WHAT YOU HAVE TO DO >>
Leaving out every picture, transcribe the lines from the line that contains "erum við Heimir" to the end of the entries below, both ends included.

DATA FOR THIS TASK >>
┌──
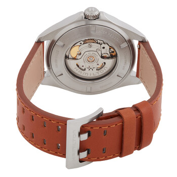 Silver-tone stainless steel case with a brown leather strap. Fixed silver-tone stainless steel bezel. Silver dial with silver-tone hands and index-Arabic numeral hour markers. Minute scale around the inner rim. Dial Type: Analog. Luminescent hands and markers. Day and date display at the 3 o'clock position. One subdial displaying: one- 12 hour inner scale. Hamilton Calibre H-30 Automatic movement, based upon ETA C07.111, containing 25 Jewels, bitting at 21600 vph, and has a power reserve of approximately 80 hours. Scratch resistant sapphire crystal. Transparent see through case back. Round case shape, case size: 42 mm, case thickness: 12.1 mm. Band width: 20 mm. Buckle clasp. Water resistant at 100 meters / 330 feet. Functions: date, day, hour, minute, second. Khaki Aviation Series. Sport watch style. Watch label: Swiss Made. Hamilton Khaki Aviation Automatic Silver Dial Men's Watch H64635550.
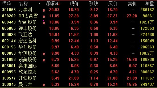 纺织服装板块盘中强势拉升,截至收盘,万事利20%涨停,太湖雪涨近12%,华纺股份、迎丰股份、华升股份等均涨停。
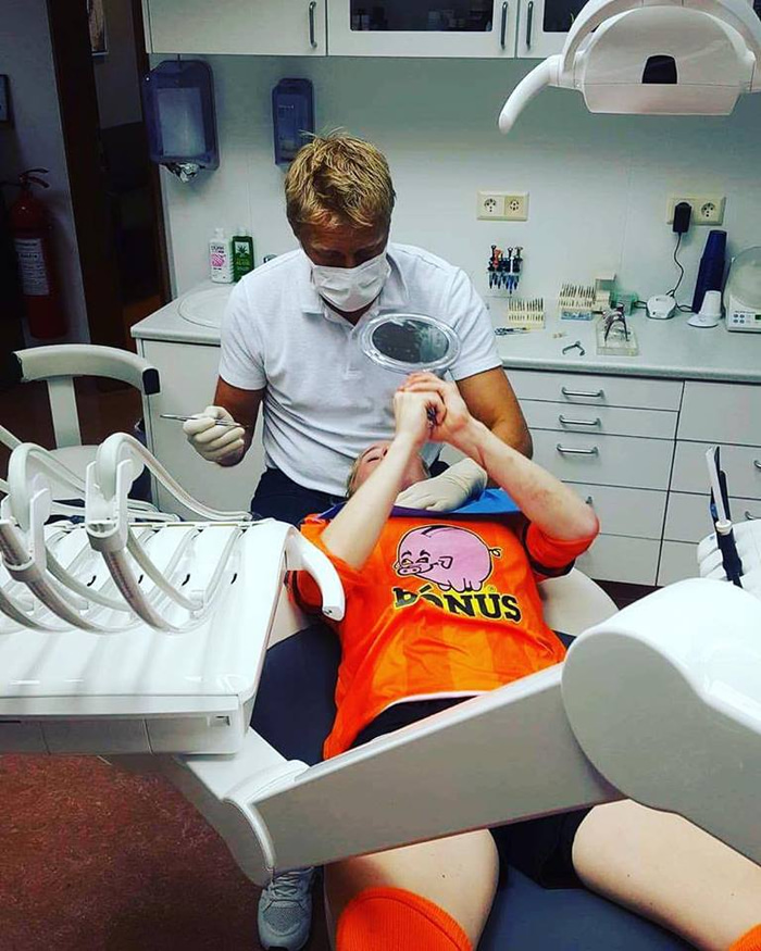 „Hér erum við Heimir að fara yfir hvernig framtönnin passar best í eftir að hafa dottið úr í heilu lagi (skrýtnasta sem ég hef séð) í miðjum fótboltaleik í Eyjum. Aaaansi heppin að hann var á staðnum 🙌 Tönnin komin í svo eeengar áhyggjur af mér."
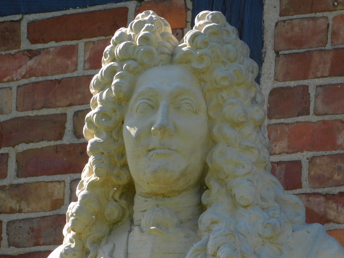 The characteristic curly wig, the refined facial expression, and the graceful clothing details give this bust an authentic and aristocratic appearance.
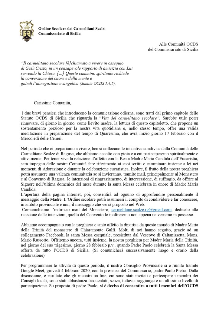 L’OCDS (Ordine Secolare Carmelitani Scalzi) in Sicilia non si lascia bloccare da questa dolorosa pandemia e – in attesa di tempi migliori – offre alle nostre fraternità diverse occasioni d’incontro con i mezzi di cui la maggioranza dei membri dispone (cellulari, personal computer, ecc). Alleghiamo la lettera della Presidente ai membri delle fraternità e agli assistenti, sperando di allargare la conoscenza e la partecipazione alle varie iniziative.
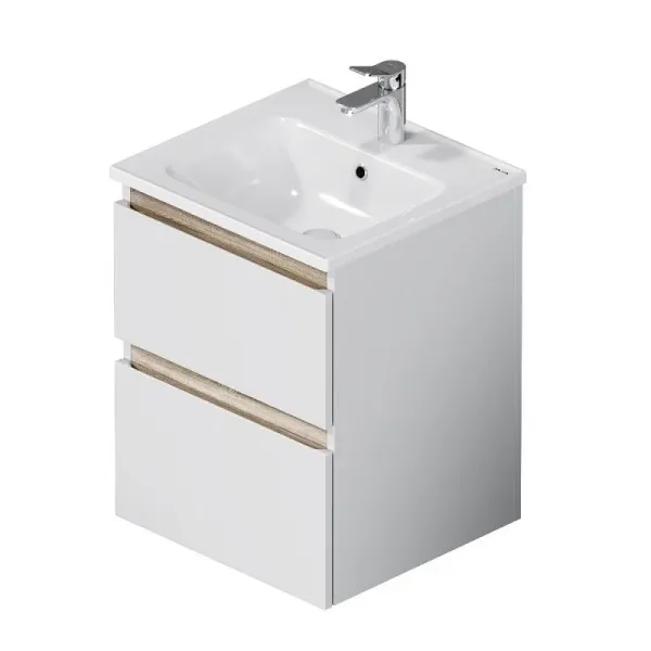 Подвесная тумба помогает сэкономить место в ванной комнате, визуально увеличивая пространство. Установка на удобной высоте. Оптимизация хранения вещей внутри ящиков. Грамотно расположенные скрытые коммуникации внутри тумбы. Бортик по контуру раковины препятствует проливу воды за мебель. Сантехнический фарфор - долговечный и прочный материал, обладающий высокой гигиеничностью.
└──
TASK RESULT >>
 „Hér erum við Heimir að fara yfir hvernig framtönnin passar best í eftir að hafa dottið úr í heilu lagi (skrýtnasta sem ég hef séð) í miðjum fótboltaleik í Eyjum. Aaaansi heppin að hann var á staðnum 🙌 Tönnin komin í svo eeengar áhyggjur af mér."
 The characteristic curly wig, the refined facial expression, and the graceful clothing details give this bust an authentic and aristocratic appearance.
 L’OCDS (Ordine Secolare Carmelitani Scalzi) in Sicilia non si lascia bloccare da questa dolorosa pandemia e – in attesa di tempi migliori – offre alle nostre fraternità diverse occasioni d’incontro con i mezzi di cui la maggioranza dei membri dispone (cellulari, personal computer, ecc). Alleghiamo la lettera della Presidente ai membri delle fraternità e agli assistenti, sperando di allargare la conoscenza e la partecipazione alle varie iniziative.
 Подвесная тумба помогает сэкономить место в ванной комнате, визуально увеличивая пространство. Установка на удобной высоте. Оптимизация хранения вещей внутри ящиков. Грамотно расположенные скрытые коммуникации внутри тумбы. Бортик по контуру раковины препятствует проливу воды за мебель. Сантехнический фарфор - долговечный и прочный материал, обладающий высокой гигиеничностью.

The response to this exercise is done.